Ptuning.com, has a pretty decent price on HS intake for our cars. 189.00+free shipping. I just picked one up. Just though Id share.


----------



## CHI-B14SENTRA (May 1, 2002)

that is a good deal!!! THANKS MAN


----------



## CHI-B14SENTRA (May 1, 2002)

but thsts wierd how it list from 1995-1997, would it fit on my 98!?!?


----------



## verno-dub (Sep 13, 2002)

Too bad they don't ship to Hawaii.  

-verno


----------



## nissanracer805 (Feb 9, 2003)

CHI-B14SENTRA said:


> *but thsts wierd how it list from 1995-1997, would it fit on my 98!?!? *


yes sir...not sure why people do that.....u have the ga16..it'll fit 95-99 chassis(b14)


----------



## Guest (Feb 17, 2003)

~TTT~

For everyone to see


----------



## nitestridar (Jun 29, 2002)

ptuning is a great dealer...
fast shipping and great packing....


----------



## CHI-B14SENTRA (May 1, 2002)

DO you get everything with it, I mean it looks kinda incomplete in the pic they have on the site


----------



## Smahatma (Oct 15, 2002)

CHI-B14SENTRA said:


> *DO you get everything with it, I mean it looks kinda incomplete in the pic they have on the site *


it only comes with an air filter and pieces of raw sheetmetal, you have to fabricate your own mandrel-bent tubing and mounting hardware


----------



## togenji (Oct 10, 2002)

hehehe, smahatma I hope your kidding about that. But thats a pretty nice deal. I'm gonna need to get in on that along with the UR pulley gb.


----------



## Smahatma (Oct 15, 2002)

you would like to think so, wouldnt u?


----------



## Guest (Feb 18, 2003)

They say at the bottom of the pic that its a SAMPLE image, and that actual product may vary. If its cold air, then I dont know why it would be incomplete, Im sure its the whole unit.


----------



## togenji (Oct 10, 2002)

is ptuning.com a reputable place to buy from?


----------



## nitestridar (Jun 29, 2002)

togenji said:


> *is ptuning.com a reputable place to buy from? *



yes I have orderd 3 times and each tim I had my shipment in two days...


----------



## shmuck90 (Oct 28, 2002)

i had a coupon for that website, i have to find it.


----------



## togenji (Oct 10, 2002)

sweet, hopefully i can go order it on friday.


----------



## LIUSPEED (May 29, 2002)

after the UR pulley GB and the HS header gb i probably be starting a Hot Shot Cold air intake GB... hopefully we can get the price down to a reasonable level so alot of people can join in.

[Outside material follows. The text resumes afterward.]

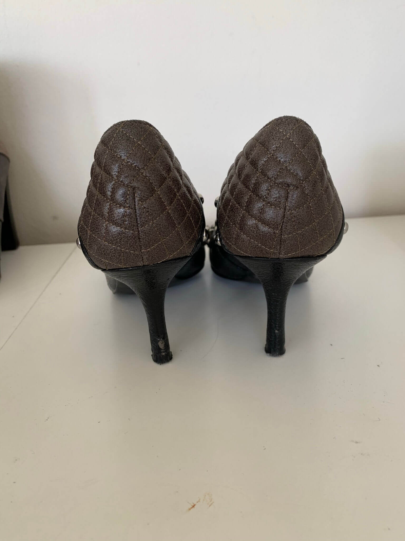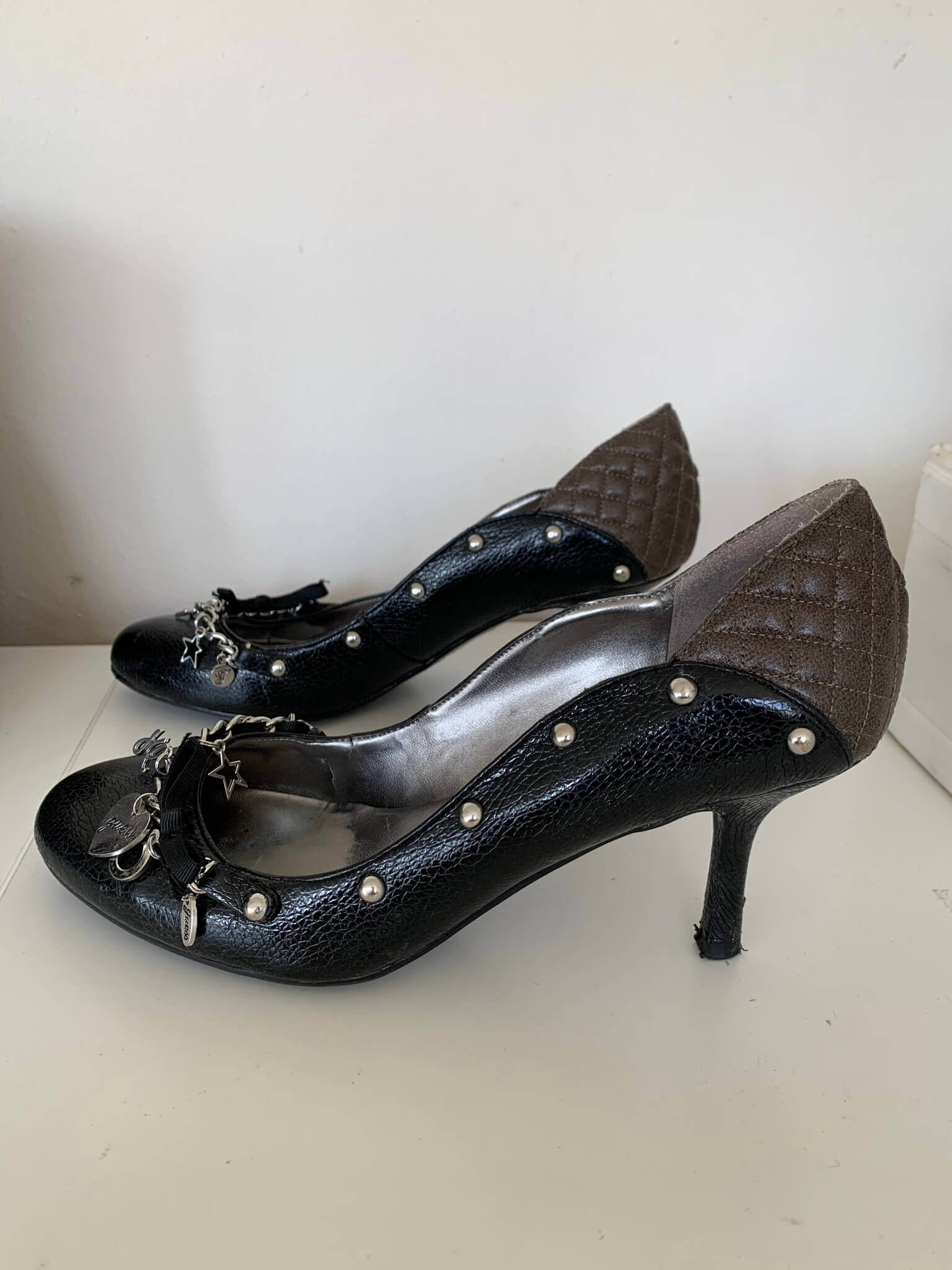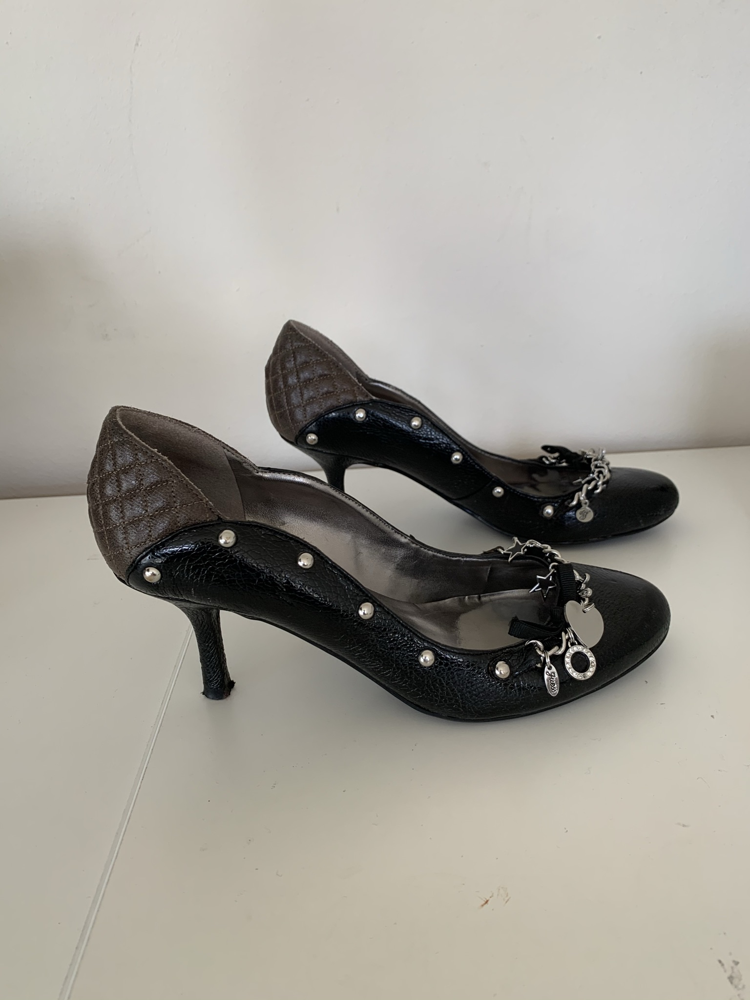 Gave zwarte en bruine leren pumps , aan de voorzijde bedeltjes, in de maat 39. Veel leuke details, en hakhoogte is 7,5 cm.

but that is a really good price for an intake 190 free shipping.. that bad @ all.


----------



## togenji (Oct 10, 2002)

LIUSPEED said:


> *after the UR pulley GB and the HS header gb i probably be starting a Hot Shot Cold air intake GB... hopefully we can get the price down to a reasonable level so alot of people can join in.
> 
> but that is a really good price for an intake 190 free shipping.. that bad @ all. *


What kind of price range do you think you could get in the group buy? Since I'm going for the UR pulley gb, I'm just wonder if I should just go ahead and buy the intake at ptuning.com


----------



## LIUSPEED (May 29, 2002)

togenji said:


> *What kind of price range do you think you could get in the group buy? Since I'm going for the UR pulley gb, I'm just wonder if I should just go ahead and buy the intake at ptuning.com *


do wat u must... check out the group buy section for prices for the pulley...


----------



## Guest (Feb 25, 2003)

Just received my HS intake today. For all of you who need re-assurance thats its the WHOLE unit, it is. Everything is included! Just thought Id share.


----------



## 200sxpower (Jun 4, 2002)

how long from when you ordered it did you recieve it?


----------



## se7enty7 (Jun 18, 2002)

I just ordered mine.. I think they were out of stock though.. But I did pay for it now anyhow. Somehow it rang up for $180.45... odd


----------



## Guest (Feb 25, 2003)

It was shipped out on the 19th and I got it today. It was shipped from VA and I live in WI. Not bad for free shipping.


----------



## shmuck90 (Oct 28, 2002)

with the coupon itll be as much as se7enty paid including shipping.


----------



## 200sxpower (Jun 4, 2002)

ordered mine on the 19th. havent heard anything yet though.


----------



## togenji (Oct 10, 2002)

How can you get a coupon from their store? By being a member?


----------



## se7enty7 (Jun 18, 2002)

I have no clue. When I checked out it took 5% off my order. 

Also, I just called to ask when they will get them back in (they are out of stock right now.. and when I ordered it..) and they guy said he would give me ANOTHER 5% off my order when it ships.


That's a hell of a good deal... 
I think it will end up being around $172 SHIPPED

Wow..


----------



## togenji (Oct 10, 2002)

Yeah, lucky you getting two 5% discounts. Although it kinda sucks to have to wait another 2-3 weeks to get the part.


----------